Another alternative is to carelessness the simple "2 buckets" pattern, and turn to an approach that uses a queue. The claiming here is providing concurrency: if you apply a queue to unmarried-thread file processing, y'all can easily find yourself backed up. I solution is multiple queues, with uploaded files distributed to queues based on a proper noun hash; a multi-shard Kinesis topic gives you this hashing by pattern.

In a hereafter post I'll swoop into these scenarios; for now I merely want to make y'all enlightened that they exist and should be considered in your compages.

What if the file'due south also big to exist transformed past a Lambda?

Lambda is a neat solution for asynchronously processing uploads, simply information technology'southward non advisable for all situations. It falls down with large files, long-running transformations, and many tasks that require native libraries. One place that I personally ran into those limitations was video transformation, with files that could exist upwards to 2 GB and a a native library that was not available in the standard Lambda execution environment.

There are, to be sure, means to work-around all of these limitations. But rather than shoehorn your big, long-running chore into an environment designed for curt tasks, I recommend looking at other AWS services.

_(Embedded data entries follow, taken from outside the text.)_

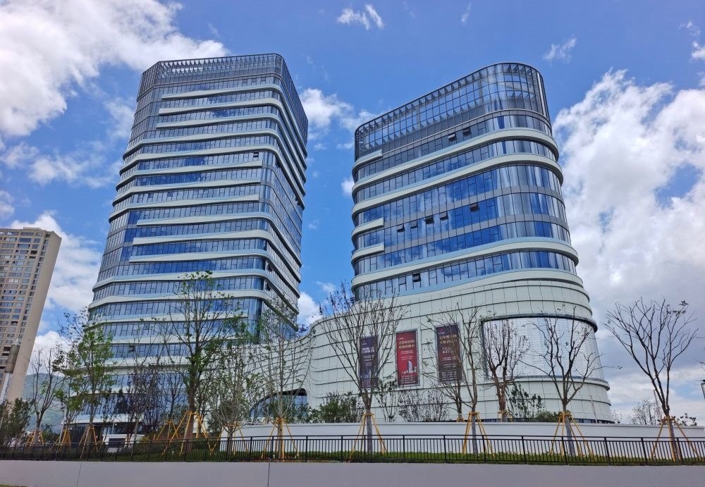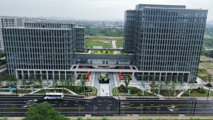 位于浙江杭州市西湖區(qū)雙浦鎮(zhèn)的西湖—淳安山海協(xié)作“共富飛地”千島湖智邦大廈正式開園(2023年8月28日攝)。新華社發(fā)
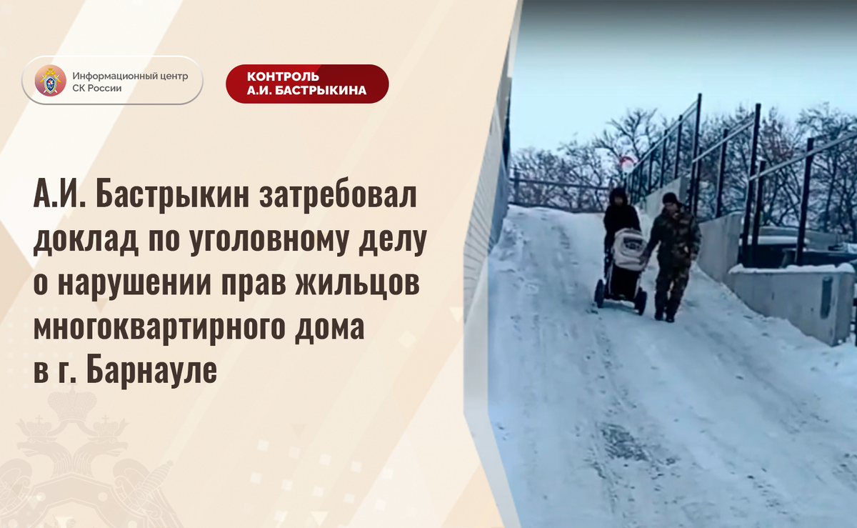 А.И. Бастрыкин затребовал доклад по уголовному делу о нарушении прав жильцов многоквартирного дома в г. Барнауле В социальной сети сообщается о нарушении прав жильцов многоквартирного дома на улице Петра Сухова в городе Барнауле. Здание введено в эксплуатацию в прошлом году, однако благоустройство территории и входных групп, а также строительство парковки приостановлены в связи с банкротством застройщика. Из-за отсутствия пандуса граждане вынуждены пользоваться спуском для автомобилей, что небезопасно. В ноябре текущего года на склоне упала женщина, получив травмы. Отмечается, что одна из семей, воспитывающих ребенка-инвалида, несмотря на приобретение жилья на втором этаже, не могут вселиться, так как территория дома не приспособлена для передвижения лиц с ограниченными возможностями здоровья. В СУ СК России по Алтайскому краю возбуждено уголовное дело. Председатель Следственного комитета Российской Федерации Александр Иванович Бастрыкин затребовал у руководителя СУ СК России по Алтай
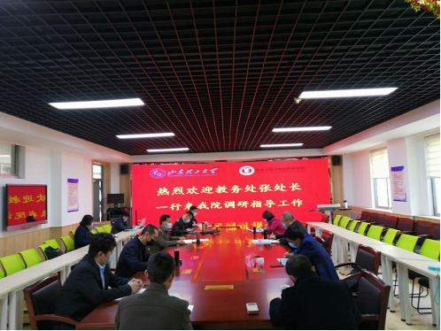 4月17日上午,教务处处长张照录、教务处副处长郑兆青、教务处综合服务中心主任胡付领一行莅临我院调研。本次调研以座谈会的形式在12-114多媒体会议室开展,执行院长刘元义、副院长李志合、院长助理戚彬、教学科夏连明及各系部主任参加了调研。
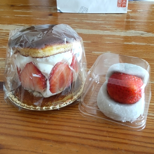 ◆季節のフルーツ生どら この時期は、大きな苺を使ったどら焼き。 ふわふわクリームと苺を生地で はさんだ、贅沢どら焼き。 ◆苺大福 こちらは定番の苺をはさんだ大福。 やわらくて美味しい和菓子。

The offset place that I would plough is AWS Batch: a service that runs Docker images on a cluster of EC2 instances that can be managed by the service to encounter your performance and throughput requirements. You can create a Docker image that packages your application with whatever third-party libraries that it needs, and apply a bucket-triggered Lambda to invoke that prototype with arguments that place the file to be processed.

When shifting the file processing out of Lambda, you have to give some thought to how the overall pipeline looks. For example, do you use Lambda just equally a trigger, and rely on the batch job to motility the file from staging bucket to archive bucket? Or do you have a second Lambda that's triggered past the CloudWatch Event indicating the batch job is washed? Or do you use a Footstep Function? These are topics for a future mail.

Wrapping upwards: a skeleton application

I've made an example project available on GitHub. This example is rather more complex than simply a Lambda to process files:

two buckets, a lambda, and a simple webapp

The core of the project is a CloudFormation script to build-out the infrastructure; the project's README file gives instructions on how to run it. This example doesn't use whatever AWS services that have a per-hour accuse, but you volition be charged for the content stored in S3, for API Gateway requests, and for Lambda invocations.